When the total CAT activity and damage scores were considered, the ICC were 0.71 and 0.81 respectively, representing moderate and good inter-rater reliability respectively. The excellent correlation of the total CAT activity and damage scores with global skin activity and damage further confirmed the usefulness of the CAT activity and damage scores in the assessment of the cutaneous manifestations of DM. Unlike the VAS ratings, however, the CAT provides a consistent approach to weighting and a systematic evaluation of the activity and damage for a wide variety of cutaneous lesions. Completion of the VAS after completion of the tool may have acted to increase the correlations somewhat, as careful consideration of the lesions in the CAT may have influenced how the VAS were completed.
The CAT activity and damage scores appear to be more reliable than the individual items. This is similar to the experience with Manual Muscle Testing (MMT). Jain et al have documented that the total and summary muscle group sub-scores had higher reliability than individual muscle scores, and concluded that acceptable reliability existed only for the total and sub-scores [17
]. Despite this concern, MMT has been important in the assessment of muscle strength of myositis patients both in clinical and research contexts [8
]. Relatively lower individual item reliability does not invalidate the CAT, as the total CAT activity and damage scores have acceptable reliability.

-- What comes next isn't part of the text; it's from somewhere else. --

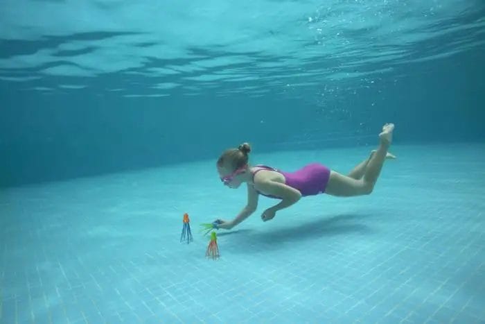 Promoveaza miscarea: Copiii se vor distra ore in șir, caracatitele sunt grozave pentru a alerga la piscină și copiii pot chiar să incerce să le prindă inainte de a ajunge la fund pentru provocarea suplimentară.
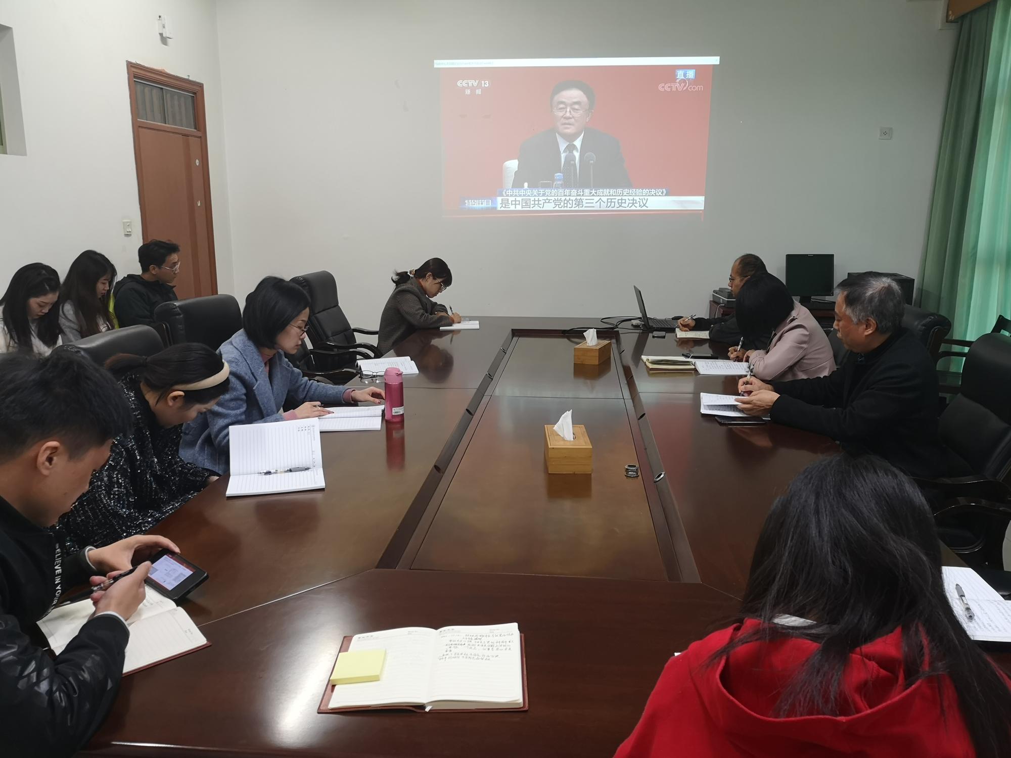 党委积极组织全体师生党员通过多种形式收听收看全会现场直播,并通过报纸网络等形式认真学习《中国共产党第十九届中央委员会第六次全体会议公报》全文,认真学习领会党的十九届六中全会精神,分享、交流心得感悟。

Although we attempted to perform as careful a study as possible, this work has several limitations. First, the entire skin surface could not be shown in one slide, and so we were unable to adequately assess the performance of the total scores in the slide dataset. Some characteristics, such as induration or erythema, may also be difficult to assess in a slide. However, slides did allow many assessors to examine the exact same lesion, and useful information regarding the performance of this tool was obtained. Second, despite the relatively large number of children examined in this work, some lesions were still represented rarely or not at all. Thus, for some lesions, we did not have enough information to assess the reliability. It is possible that some of those lesions were so rare that they should be deleted from future versions of this tool.
It is important to consider what advantages the CAT may have over other available tools for the assessment of skin disease in the juvenile IIM, in particular the DAS [12
]. Like the CAT, the DAS has not been fully validated. We believe that the CAT has some potential advantages over the DAS. First, the CAT seeks to consider the full range of cutaneous features of the juvenile IIM, while the DAS assesses a more limited range of skin lesions. This results in the CAT being somewhat longer and more complex, but may be a reasonable trade-off for comprehensiveness. Second, the CAT assesses both skin disease activity and damage, while the DAS considers only skin disease activity. Further work will need to consider the relative performance and preference of any tools which may become available for the assessment of skin disease in juvenile IIM.
In conclusion, we have introduced a new tool for the assessment of skin disease activity and damage in the IIM. This will allow a systematic and semi-quantitative analysis of both acute and chronic cutaneous changes in the IIM. We have demonstrated that the CAT activity and damage scores have moderate to good reliability, and that assessors generally agree on their ratings of a variety of cutaneous lesions of DM. Future validation of this tool will consider other measurement characteristics, such as construct validity and responsiveness, allowing this tool to be used in both clinical and research contexts.